------ Information supplied ------

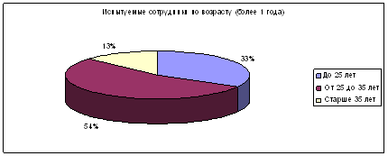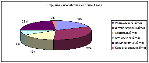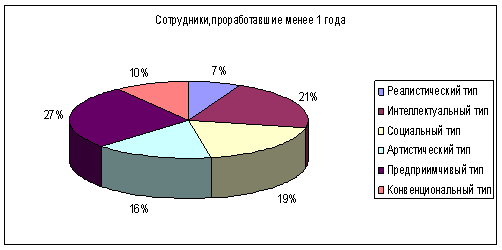 Рисунок 7 Согласно диаграмме на рисунке 6 можно сделать вывод, что сотрудники, проработавшие более года имеют ярко выраженную интеллектуальную направленность, предприимчивый тип людей находится на втором месте. Сотрудники, имеющие предпринимательские задатки, на 80% состоят из руководящих должностей по возрасту от 25 до 35 лет. Интересно заметить, что по первой части теста (при оценке сотрудниками своих наклонностей самостоятельно) можно сказать, что около 60% на самом деле не выделяют в себе предпринимательскую способность. Сотрудники, имеющие артистические наклонности, состоят в основном из младших сотрудников (помощников) и обслуживающего персонала. Сотрудники, обладающие конвенциональными задатками, на 100% находятся в возрасте старше 35 лет. Рассматривая диаграмму на рисунке 7, можно заметить, что основная масса испытуемых относится к предприимчивому типу (60% из них – люди, младше 25 лет, 68% оценивают предпринимательские способности у себя самостоятельно). На втором месте находится интеллектуальный тип (21% испытуемых), из них 80% - младший руководящий состав возрастом от 25 до 35 лет. Среди сотрудников, проработавших в банке менее 1 года наблюдается рост людей с артистическими наклонностями (более чем в 2 раза). Это можно объяснить также средним возрастом испытуемых (маленький) и статусом в организационной структуре (младший персонал). Среди этих сотрудников также увеличилась доля конвенционального типа людей – сотрудники, ориентированные на результат в работе, подчинение, социальную направленность. Это в общем основные качества для приходящих сотрудников, которые по мере карьерного роста переходят в предприимчивые и реалистические типы. Однако по результатам теста данные различаются незначительно, что позволяет сделать вывод о недостаточности полученных сведений для анализа мотивационной политики банка и ценностных ориентаций сотрудников. В общем можно сделать вывод о правильной политике подбора кадров на предприятии – политика руководителей очевидна. На работу принимаются сотрудники, имеющие необходимые деловые качества, профессиональные навыки на младшие обслуживающие и руководящие посты. На старшие руководящие посты формирование кадров происходит в основном за счет внутреннего набора сотрудников, уже имеющие ценностные ориентации компании, соблюдающие определенные правила, деловую этику, имидж компании, владеющие навыками корпоративной культуры предприятия. С помощью наставничества эти же качества прививаются людям, только что поступившим на работу. Результаты исследования ценностных ориентаций у испытуемых, работающих более 1 года и менее 1 года (сравнительный анализ) по методике «Ценностные ориентации» М.Рокича (терминальные ценности) приведен в таблицах 3.1. и 3.2. Таблица 3.1
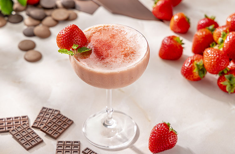 マンゴーストロベリーベースのミルクティーに、濃厚なチョコレートシロップ、苺、そしてマスカルポーネチーズを加えてブレンドした半フローズンドリンク。まるで苺のティラミスをグラスに閉じ込めたような、柔らかなコクと奥行きのあるデザート感覚の一杯です。
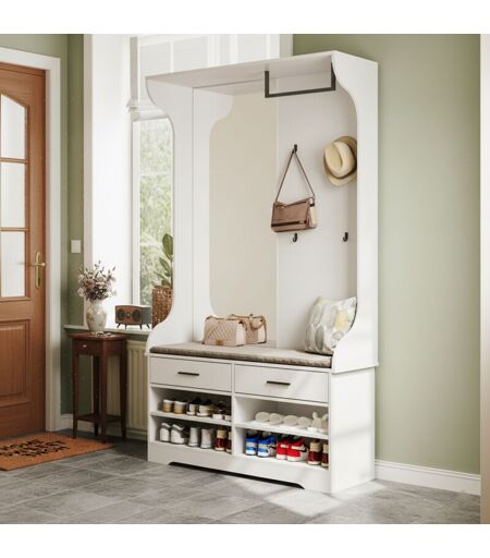 LA SOLUTION TOUT-EN-UN POUR VOTRE ENTRÉE : Ne cherchez plus ! Ce meuble combine 5 fonctions essentielles : un banc confortable avec coussin, un grand rangement à chaussures, un porte-manteau, une penderie et un miroir intégré. Votre entrée sera toujours parfaitement organisée et accueillante. UN MAXIMUM DE RANGEMENT ASTUCIEUX : Chaque chose trouve sa place. Rangez les chaussures de toute la famille dans les nombreuses niches, suspendez manteaux et sacs aux 4 crochets robustes, utilisez la barre de penderie pour vos vestes et cachez clés et courrier dans les 2 tiroirs spacieux. ÉLÉGANCE ET CHARME INTEMPORELS : Avec son design inspiré des maisons de campagne, sa corniche délicatement travaillée et sa finition blanche lumineuse, ce vestiaire n'est pas seulement pratique, c'est une véritable pièce de décoration qui sublimera votre entrée. PENSÉ POUR LE QUOTIDIEN : Asseyez-vous confortablement sur le banc pour vous chausser. Jetez un dernier coup d'œil à votre tenue dans le miroir avant de ...
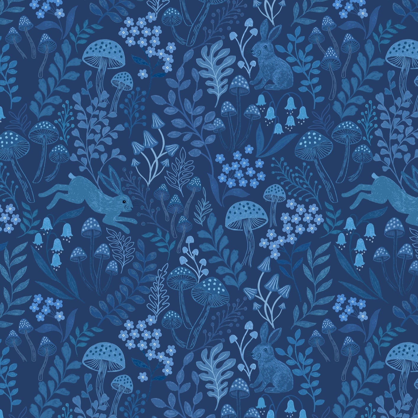 This folk-style print is busy with bouncing bunnies, cheerful toadstools and winding fronds of foliage, in rich shades of blue set on a dark blue background for a ghost-print effect.
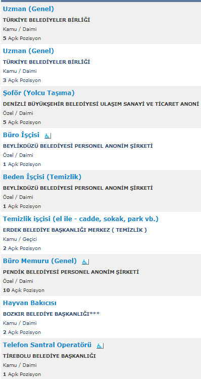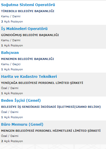 Belediyeler ile belediyelere bağlı şirketler, Türkiye İş Kurumu resmi sayfası aracılığıyla ilan yayımladı.
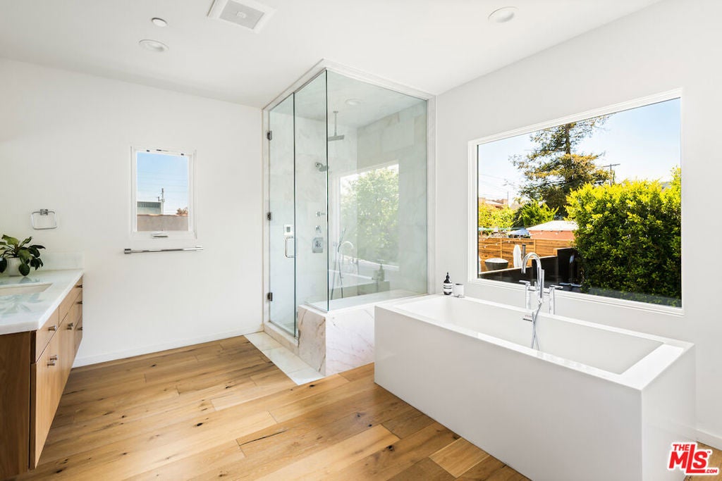 Modern Elegance in the Heart of Mar Vista. This beautiful 4-bed, 5-bath home combines traditional charm with sleek, modern finishes in one of Mar Vista's most sought-after neighborhoods. The open-concept layout features rich hardwood floors, a statement fireplace, and a gourmet chef's kitchen with custom walnut cabinetry, Viking appliances, a spacious island, and walk-in pantry perfect for both daily living and entertaining. French doors lead to a gazebo with built-in heating, opening to a lush, private yard ideal for indoor-outdoor California living. Upstairs, the luxurious primary suite offers a private balcony, walk-in closet, and spa-like bath with soaking tub, steam shower, and dual vanities. Two additional en-suite bedrooms and a flexible downstairs office or guest room with full bath complete the smart, functional layout. Situated on a tree-lined street in the heart of vibrant Mar Vista a community known for its charming residential feel, top-rated farmers market, and artistic spirit. You're just minutes from beloved dining destinations like Hatchet Hall and Little Fatty, boutique shops along Venice Blvd, and a short bike ride to the beach and Marina del Rey. Enjoy easy access to Culver City, Venice, and the best of the Westside, making this home the perfect blend of coastal lifestyle and urban convenience.
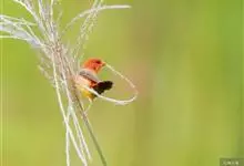 橙颊梅花雀体长约10厘米,头部灰色,两侧有大块橙色区域,嘴基及眼下方有黑纹,两条黑纹间呈白色,颊部有橙红色块斑,喙为红色至橙红色,背部及翼为褐色,腰为鲜红色,身体腹面淡灰色,腹部白色至皮黄色,…全部>>
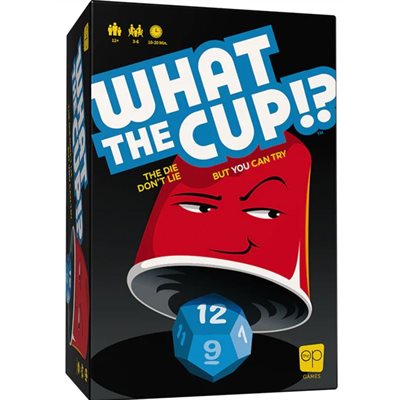 What The Cup!? is a game of luck and lies where you must do whatever it takes to end up with highest or lowest valued die. Sabotage your opponents by changing the winning target, or follow card directives to spy, swap, re-roll, or reveal dice. Bet your chips to raise the stakes and bluff your way to victory. Does your cup hold the winner? The die don’t lie... but YOU can try!
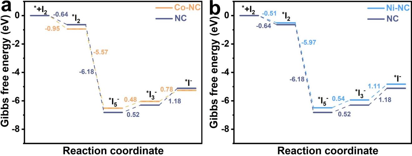 本研究全面探究了铁、钴、镍掺杂的多孔碳作为载体制备负载碘的正极, 密度泛函计算结果表明Fe-NC、Co-NC、Ni-NC 模型对I3−/I5−结合能强于 NC;Fe-NC 与I3−结合能为 - 0.90 eV(NC 为 - 0.39 eV);碘还原反应中,Fe-NC 决速步能垒 0.57 eV(NC 为 1.18 eV),显示三金属掺杂降低能垒、加速反应,印证其增强吸附与催化活性的机制。

------

* _Your goal_
Return every entry above exactly as written, minus the pictures.

* _Solved exercise_
 Рисунок 7 Согласно диаграмме на рисунке 6 можно сделать вывод, что сотрудники, проработавшие более года имеют ярко выраженную интеллектуальную направленность, предприимчивый тип людей находится на втором месте. Сотрудники, имеющие предпринимательские задатки, на 80% состоят из руководящих должностей по возрасту от 25 до 35 лет. Интересно заметить, что по первой части теста (при оценке сотрудниками своих наклонностей самостоятельно) можно сказать, что около 60% на самом деле не выделяют в себе предпринимательскую способность. Сотрудники, имеющие артистические наклонности, состоят в основном из младших сотрудников (помощников) и обслуживающего персонала. Сотрудники, обладающие конвенциональными задатками, на 100% находятся в возрасте старше 35 лет. Рассматривая диаграмму на рисунке 7, можно заметить, что основная масса испытуемых относится к предприимчивому типу (60% из них – люди, младше 25 лет, 68% оценивают предпринимательские способности у себя самостоятельно). На втором месте находится интеллектуальный тип (21% испытуемых), из них 80% - младший руководящий состав возрастом от 25 до 35 лет. Среди сотрудников, проработавших в банке менее 1 года наблюдается рост людей с артистическими наклонностями (более чем в 2 раза). Это можно объяснить также средним возрастом испытуемых (маленький) и статусом в организационной структуре (младший персонал). Среди этих сотрудников также увеличилась доля конвенционального типа людей – сотрудники, ориентированные на результат в работе, подчинение, социальную направленность. Это в общем основные качества для приходящих сотрудников, которые по мере карьерного роста переходят в предприимчивые и реалистические типы. Однако по результатам теста данные различаются незначительно, что позволяет сделать вывод о недостаточности полученных сведений для анализа мотивационной политики банка и ценностных ориентаций сотрудников. В общем можно сделать вывод о правильной политике подбора кадров на предприятии – политика руководителей очевидна. На работу принимаются сотрудники, имеющие необходимые деловые качества, профессиональные навыки на младшие обслуживающие и руководящие посты. На старшие руководящие посты формирование кадров происходит в основном за счет внутреннего набора сотрудников, уже имеющие ценностные ориентации компании, соблюдающие определенные правила, деловую этику, имидж компании, владеющие навыками корпоративной культуры предприятия. С помощью наставничества эти же качества прививаются людям, только что поступившим на работу. Результаты исследования ценностных ориентаций у испытуемых, работающих более 1 года и менее 1 года (сравнительный анализ) по методике «Ценностные ориентации» М.Рокича (терминальные ценности) приведен в таблицах 3.1. и 3.2. Таблица 3.1
 マンゴーストロベリーベースのミルクティーに、濃厚なチョコレートシロップ、苺、そしてマスカルポーネチーズを加えてブレンドした半フローズンドリンク。まるで苺のティラミスをグラスに閉じ込めたような、柔らかなコクと奥行きのあるデザート感覚の一杯です。
 LA SOLUTION TOUT-EN-UN POUR VOTRE ENTRÉE : Ne cherchez plus ! Ce meuble combine 5 fonctions essentielles : un banc confortable avec coussin, un grand rangement à chaussures, un porte-manteau, une penderie et un miroir intégré. Votre entrée sera toujours parfaitement organisée et accueillante. UN MAXIMUM DE RANGEMENT ASTUCIEUX : Chaque chose trouve sa place. Rangez les chaussures de toute la famille dans les nombreuses niches, suspendez manteaux et sacs aux 4 crochets robustes, utilisez la barre de penderie pour vos vestes et cachez clés et courrier dans les 2 tiroirs spacieux. ÉLÉGANCE ET CHARME INTEMPORELS : Avec son design inspiré des maisons de campagne, sa corniche délicatement travaillée et sa finition blanche lumineuse, ce vestiaire n'est pas seulement pratique, c'est une véritable pièce de décoration qui sublimera votre entrée. PENSÉ POUR LE QUOTIDIEN : Asseyez-vous confortablement sur le banc pour vous chausser. Jetez un dernier coup d'œil à votre tenue dans le miroir avant de ...
 This folk-style print is busy with bouncing bunnies, cheerful toadstools and winding fronds of foliage, in rich shades of blue set on a dark blue background for a ghost-print effect.
 Belediyeler ile belediyelere bağlı şirketler, Türkiye İş Kurumu resmi sayfası aracılığıyla ilan yayımladı.
 Modern Elegance in the Heart of Mar Vista. This beautiful 4-bed, 5-bath home combines traditional charm with sleek, modern finishes in one of Mar Vista's most sought-after neighborhoods. The open-concept layout features rich hardwood floors, a statement fireplace, and a gourmet chef's kitchen with custom walnut cabinetry, Viking appliances, a spacious island, and walk-in pantry perfect for both daily living and entertaining. French doors lead to a gazebo with built-in heating, opening to a lush, private yard ideal for indoor-outdoor California living. Upstairs, the luxurious primary suite offers a private balcony, walk-in closet, and spa-like bath with soaking tub, steam shower, and dual vanities. Two additional en-suite bedrooms and a flexible downstairs office or guest room with full bath complete the smart, functional layout. Situated on a tree-lined street in the heart of vibrant Mar Vista a community known for its charming residential feel, top-rated farmers market, and artistic spirit. You're just minutes from beloved dining destinations like Hatchet Hall and Little Fatty, boutique shops along Venice Blvd, and a short bike ride to the beach and Marina del Rey. Enjoy easy access to Culver City, Venice, and the best of the Westside, making this home the perfect blend of coastal lifestyle and urban convenience.
 橙颊梅花雀体长约10厘米,头部灰色,两侧有大块橙色区域,嘴基及眼下方有黑纹,两条黑纹间呈白色,颊部有橙红色块斑,喙为红色至橙红色,背部及翼为褐色,腰为鲜红色,身体腹面淡灰色,腹部白色至皮黄色,…全部>>
 What The Cup!? is a game of luck and lies where you must do whatever it takes to end up with highest or lowest valued die. Sabotage your opponents by changing the winning target, or follow card directives to spy, swap, re-roll, or reveal dice. Bet your chips to raise the stakes and bluff your way to victory. Does your cup hold the winner? The die don’t lie... but YOU can try!
 本研究全面探究了铁、钴、镍掺杂的多孔碳作为载体制备负载碘的正极, 密度泛函计算结果表明Fe-NC、Co-NC、Ni-NC 模型对I3−/I5−结合能强于 NC;Fe-NC 与I3−结合能为 - 0.90 eV(NC 为 - 0.39 eV);碘还原反应中,Fe-NC 决速步能垒 0.57 eV(NC 为 1.18 eV),显示三金属掺杂降低能垒、加速反应,印证其增强吸附与催化活性的机制。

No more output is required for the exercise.